== MATERIAL PROVIDED
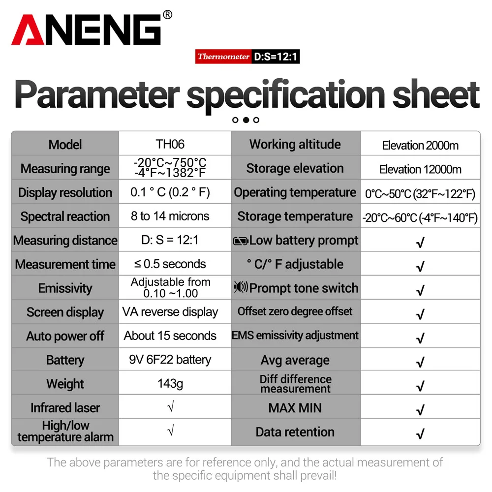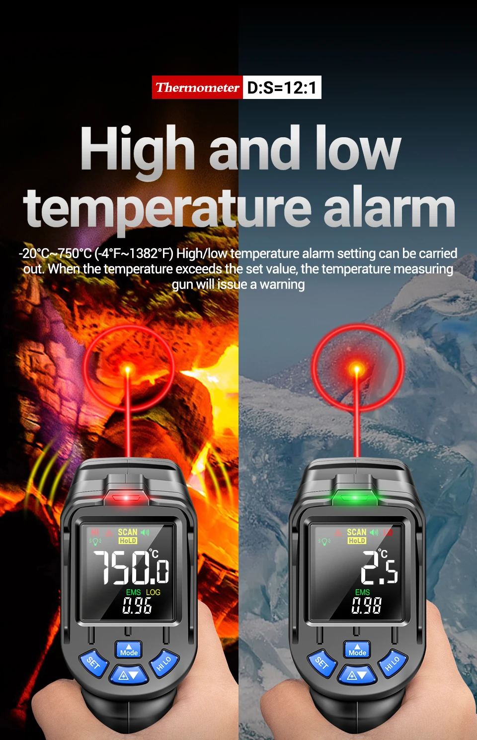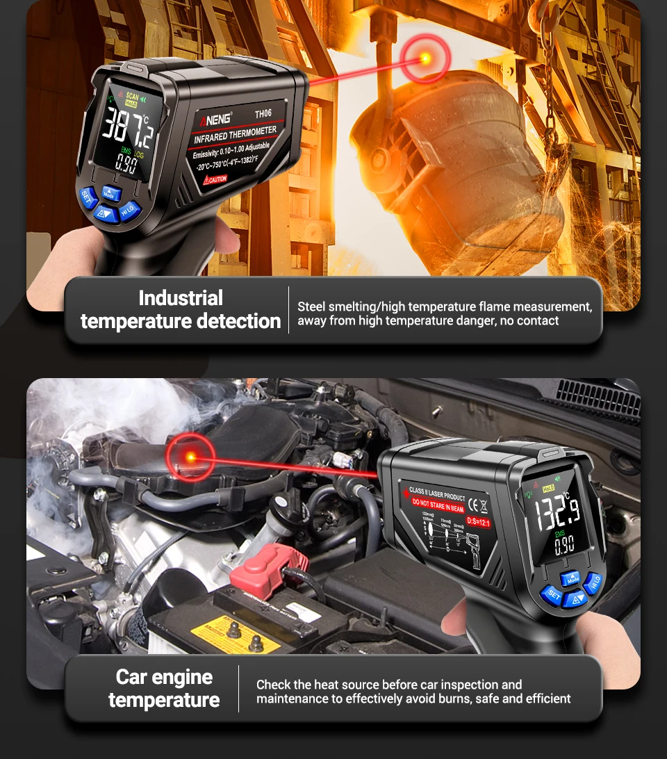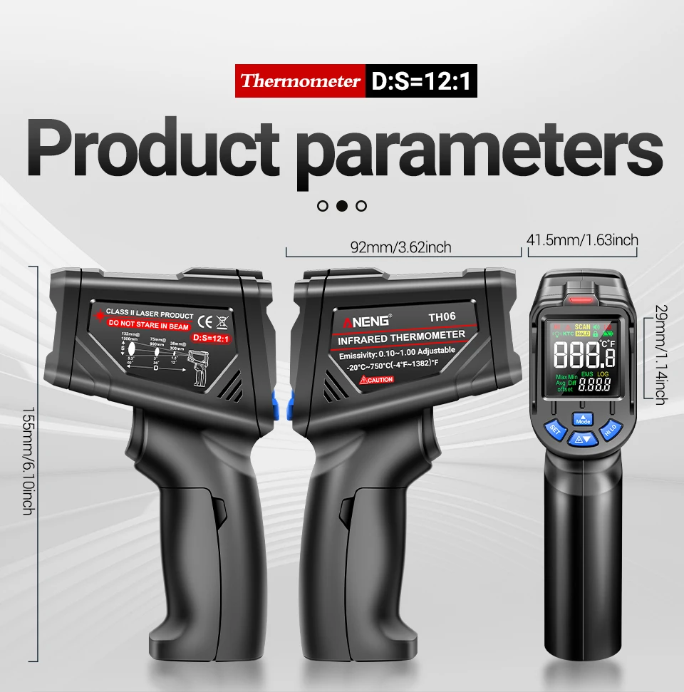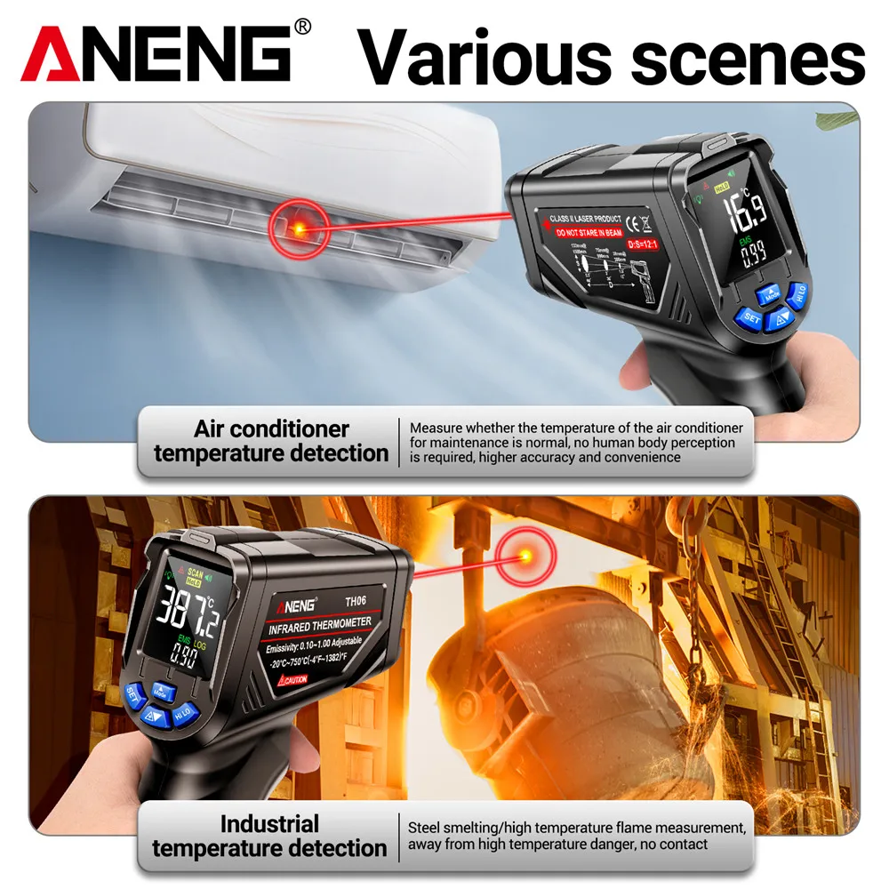 ANENG TH06 Infrared Laser Thermometer -20℃~750℃ -4℉~1382℉ High/Low Temperature Gun With Va Color Reverse Screen Industrial Tool
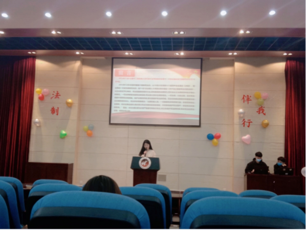 在音乐声中,参加活动的环境学院学生依次入座。首先由纪检部部长朱佳玲向大家宣讲国家宪法日以及中华人民共和国宪法的内容。这让大家认识到了国家宪法日的重要性,同时也更加了解了宪法的具体内容。
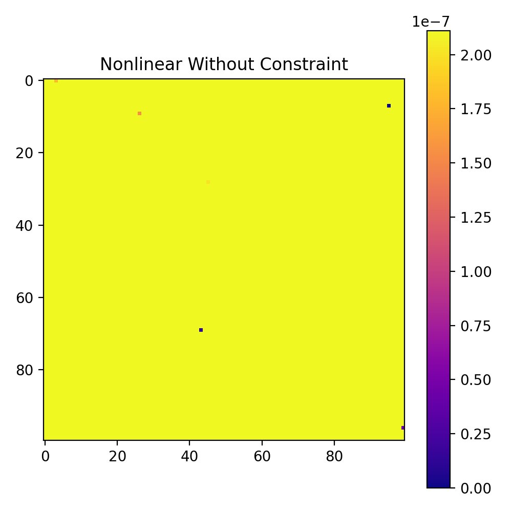 Nonlinearity alone leads to saturation and loss of structure. Constraint is required to maintain organization.
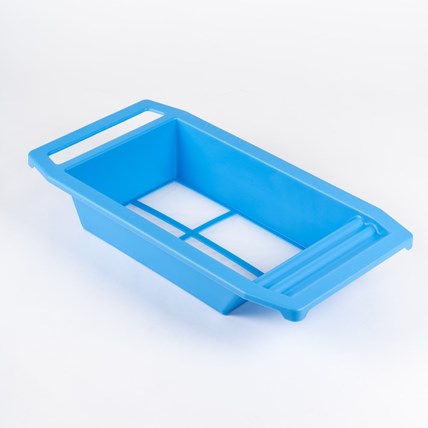 Het gootsteen filter (47 x 22 cm) past op de meeste wasbakken, maar werkt ook als het een klein beetje schuin staat als het net niet past.
====
Omit each picture, then return all of the listing exactly as it stands.

 ANENG TH06 Infrared Laser Thermometer -20℃~750℃ -4℉~1382℉ High/Low Temperature Gun With Va Color Reverse Screen Industrial Tool
 在音乐声中,参加活动的环境学院学生依次入座。首先由纪检部部长朱佳玲向大家宣讲国家宪法日以及中华人民共和国宪法的内容。这让大家认识到了国家宪法日的重要性,同时也更加了解了宪法的具体内容。
 Nonlinearity alone leads to saturation and loss of structure. Constraint is required to maintain organization.
 Het gootsteen filter (47 x 22 cm) past op de meeste wasbakken, maar werkt ook als het een klein beetje schuin staat als het net niet past.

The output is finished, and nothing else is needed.